240.

240.

1) Миряне, умирая, оставляют завещание; и от иноков бывает завещание; какое? – Что мы странники и пришельцы здесь, и должны искать не здешнего. – 2) Послушаемся сего завещания и возьмемся исполнять его, – 3) подражая отцам, которые все так поступали. [4, 18]

1) Время жатвы расслабляет тело, тяжелым делает бдение, а иной раз разленивает и к слушанию поучений. Но поелику мы, по законоположению Апостола, должны быть, как ежедневно умирающие; умирающий же обыкновенно говорит последние свои слова, надгробные и отходные, и тем внимательными делает слушающих; то не будем лениться слушать и мы, но будем внимать тому, что говорится, как бы присутствовали при чтении завещания. – Завещание живущих плотски, как плотское, и говорит о плотском, именно, какое наследство оставляется жене, детям, братьям, сродникам, и какие еще делаются распоряжения, как обычно бывает. В нашем же быту завещание ничего такого не заявляет; но что? – То, что мы странники и пришельцы есмы на земле и что как ничтоже внесохом в мир сей, яве, яко ниже изнести что можем (1 Тим. 6, 7), переходя из тления в нетление, из бесчестия в славу, из смертности в бессмертие; так что не погрешил бы, кто такое завещание назвал Евангелием: поелику и Апостол признавал, что разрешитися и со Христом быти много паче лучше (Флп. 1, 23). И в другом месте опять: аз уже жрен бываю, и время моего отшествия наста: подвигом добрым подвизахся, течение скончах, веру соблюдох: прочее соблюдается мне венец правды, его же воздаст ми Господь в день он, праведный Судия: не точию же мне, но и всем возлюбльшим явление Его (2 Тим. 4, 6–8).

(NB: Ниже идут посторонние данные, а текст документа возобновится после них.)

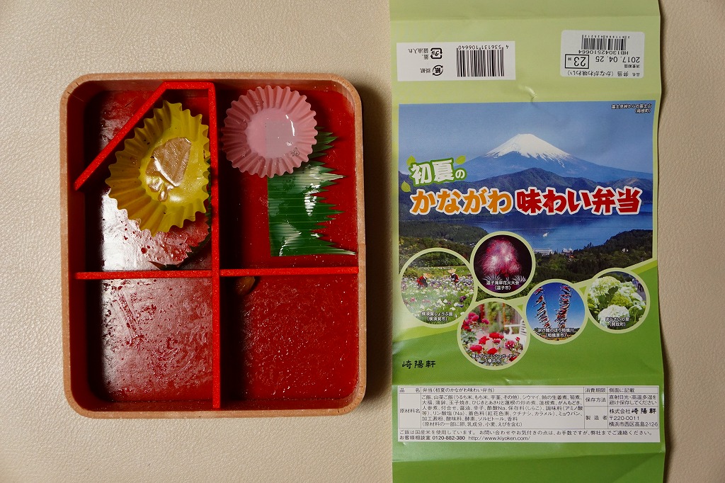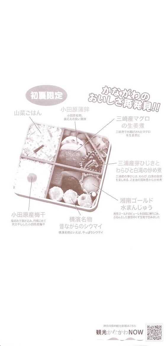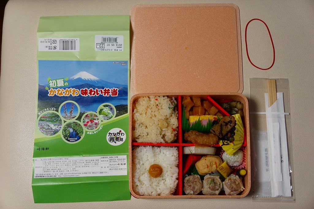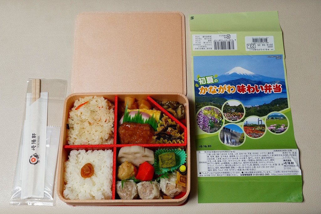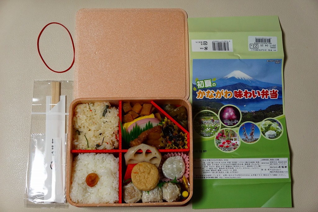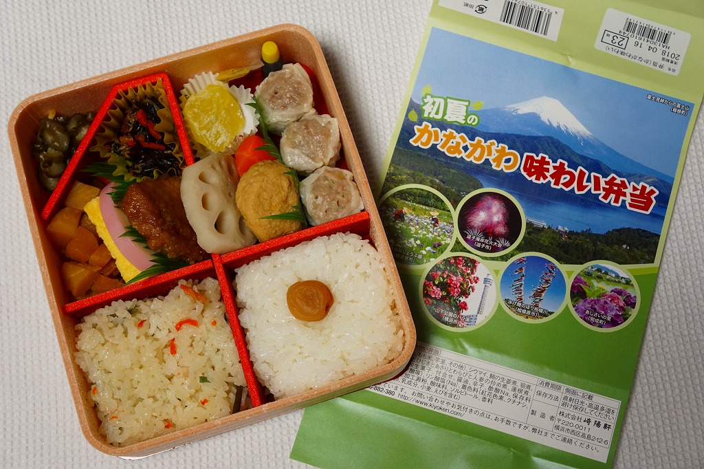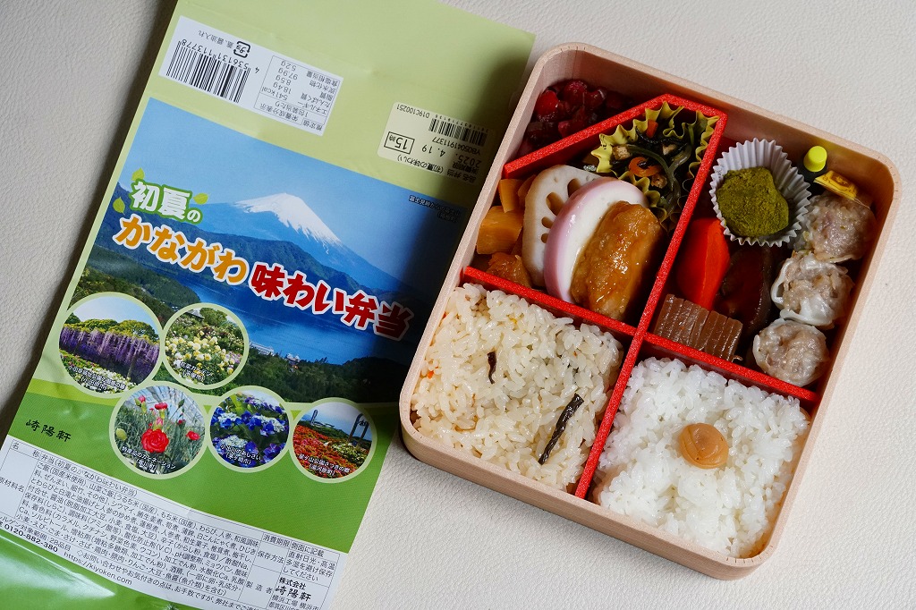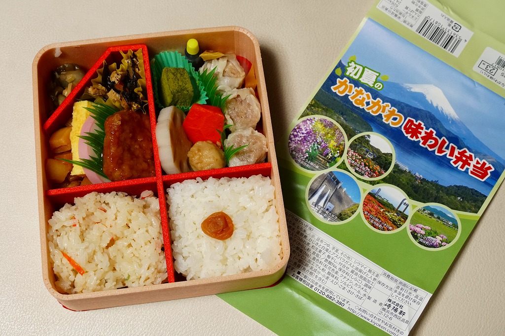 横浜駅弁「かながわ味わい弁当」では初登場の「初夏」版で、2016(平成28)年4月16日から6月15日までの販売。やはり神奈川県の「かながわ再発見キャンペーン」とのタイアップ企画とされる。掛紙の風景写真には、初夏の富士と神奈川県内の各種イベントが使われる。中身は今回も、小田原産梅干の日の丸御飯、山菜御飯、三崎産マグロ生姜煮、三浦産芽ひじきとふきと薩摩揚の炒め煮、小田原蒲鉾、よもぎ大福、しば漬、昔ながらのシウマイ3個などと、他の季節とだいたい同じ。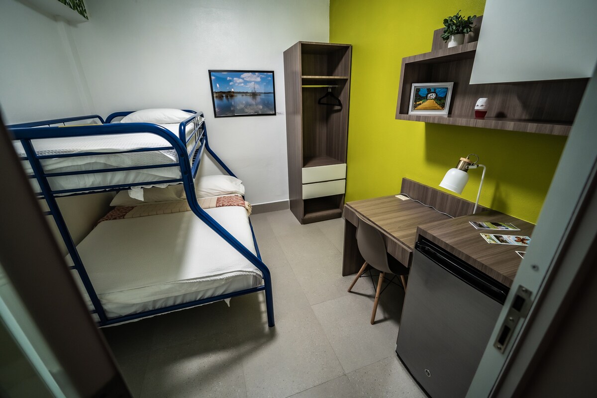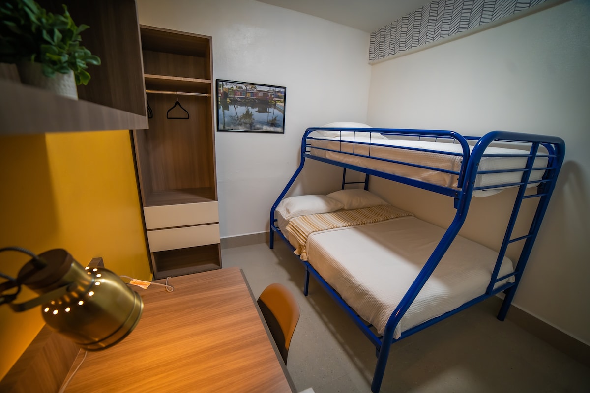 Melao Lodge has everything you need! Located in the heart of the Vega Baja historic district, Melao will charm you with its vibrant colors and elegant spaces. Your private bedroom will become your home away from home. Enjoy a hot shower in your private bathroom, next to the room, after a long day at the beach! If you're visiting the area for business, high-speed wifi and a comfortable workstation are waiting for you in your room. Our guests fall in love with our elegant shared spaces. Get lost in a book, watch your favorite series on Netflix (or maybe your favorite telenovela on local TV!), or play one of the available board games in one of our three living room areas. Cook dinner in the kitchen or order carryout from one of the delicious local food spots! Wake up drinking a cup of Puerto Rican coffee, one of the best-tasting in the world, while listening to the sounds of "el pueblo" (the town) on our larger balcony. Relax in our ROOFTOP and new POOL w/heater. Regardless of your reasons for visiting Puerto Rico, we know that you will fall in love with our hidden gem. Please contact us if you have any additional questions and we will be happy to chat!

2) Видите, что он о нашем отсюда преставлении говорит, как бы Евангелие благовествуя. Итак, поелику наше завещание есть Евангелие, то в сладость послушаем, что говорится в нем и в силу его, и ревностно емлемся за подвиги, не обращаясь вниманием и сердцем ни к чему житейскому, ни к родителями, ни к братьям, ни к сродникам и ни к чему вообще тварному, подражая некоему из святых отцов, который, когда выходил из келлии, клал покрывало на главу свою, чтоб не смотреть на солнечное сияние, и который, когда спросили его о причине того, ответил: «для чего мне желать видеть этот временный свет?» Сей боголюбивый муж, выступив за пределы всего тварного, емлется единой любви к Богу и созерцания вещей божественных. Он рассматривает и поднебесную тварь, удивляясь и хваля высочайшего художника – Бога; но скоро, миновав все чувственное, погружается в созерцание вещей невидимых, почерпая из сего радование и веселье духовное, упоительнейшее.

3) Таков был и патриарх Авраам, ибо написано: верою прииде Авраам на землю обетования, якоже на чужду, в кровы вселися, со Исааком и Иаковом, снаследникама обетования тогожде: ждаше бо основания имущаго града, ему же художник и содетель Бог (Евр. 11, 9, 10). Таков и великий Моисей, который верою остави Египет, не убоявся ярости царевы: невидимаго бо яко видя, терпяше (Евр. 11, 27). Таковы и все святые, не смотревшие на видимое, но на невидимое, и стремившиеся не к временному, но к вечному и тем образовавшие себя по божественному подражанию, сколько оно доступно. – Таковое стремление восприимем и мы, и никогда не позволим себе вожделевать красное века сего или дивиться живущим плотски; но паче постенем об них, что, прияв благовестие о наследии обетованных благ, они суетятся о стяжании злата и сребра и о тленных удовольствиях. Мы же, братие, говоря Апостольски, откровенным лицем славу Господню взирающе (2 Кор. 3, 18), вышняя взыщем, вышняя мудрствовать станем, идеже есть Христос одесную Бога седя (Кол. 3, 1, 2), чтоб и о нас можно было сказать: вы не от мира сего (Ин. 15, 19), и ваше житие на небесех есть (Флп. 3, 20), где и да будет нам предстать неосужденными в день воздаяния праведного суда Божия, пред страшным Престолом Христовым, и услышать вожделенный глас призвания к наследию Царствия Небесного.